You can use a Flexible Spending Account to set aside tax-free money through payroll deductions to pay qualified health and dependent care expenses. Because you don’t pay taxes on the money you contribute, more money is available to you as disposable income.
Your annual contribution is deducted evenly from your paychecks throughout the year. FSA funds are use or lose— any money remaining in your account after the deadline for the plan year’s claims (March 15 of the following year to incur expenses and April 30 to file claims), is forfeited. Your FSA funds do not roll over year to year. You must spend it in the calendar year that you contribute.
There are two types of FSAs to consider:
Health Care FSA
The Health Care FSA pays for eligible out-of-pocket medical, prescription, dental and vision expenses, such as health insurance deductibles, copays for prescription drugs and doctor’s visits, prescription eye wear and supplies, dental/orthodontia expenses and hearing aids. The maximum amount that you can contribute each year is $2,700 as an individual.
Dependent Care FSA
The Dependent Care FSA allows you to set aside pre-tax funds for dependent care expenses (typically child care or day care expenses). Expenses can be claimed only for dependents under age 13, elderly dependents or dependents of any age if they qualify as disabled.

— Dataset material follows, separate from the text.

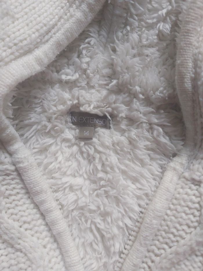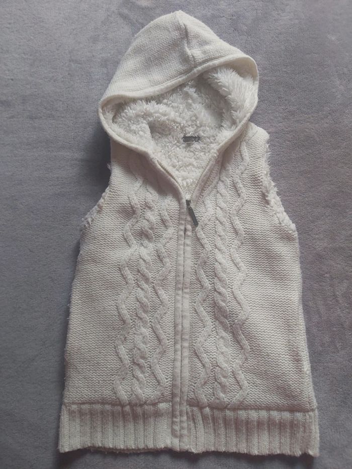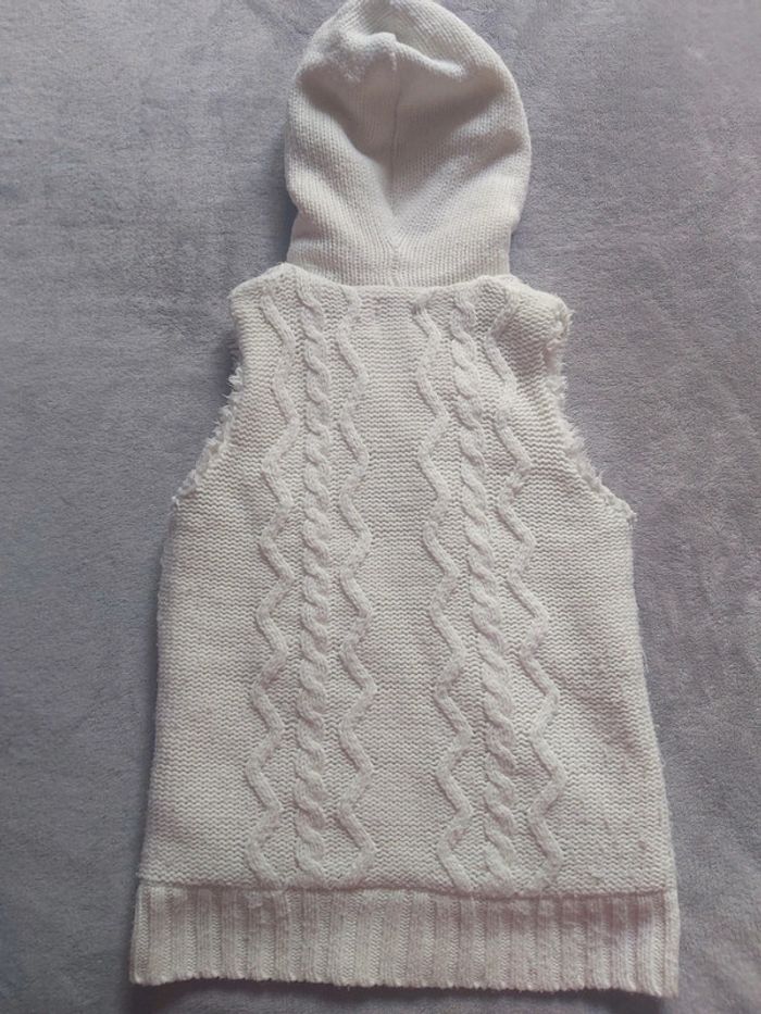 Bonjour, je vends un gilet sans manches, à capuche pour fille. Fermeture à glissière. 100 % Acrylique. Couleur écru. Taille 14 ans. Marque In Extenso. 2 poches. Prix 4 €.

The maximum amount that you can contribute each year is $5,000 (or $2,500 if you’re married and filing separate tax returns).
If you’re married, your spouse must be working, looking for work, or be a full-time student for you to be eligible to set aside pre-tax dollars in a Dependent Care FSA.
Limited Use Health Care FSA
If you enroll in the Choice Value Plan or Choice Savings Plan you are allowed to contribute to a Limited Use Health Care FSA for eligible dental and vision expenses. While permissible, contributions may be better placed in an HSA where they have the same tax-advantages and no “use it in 2019 or lose it” rule.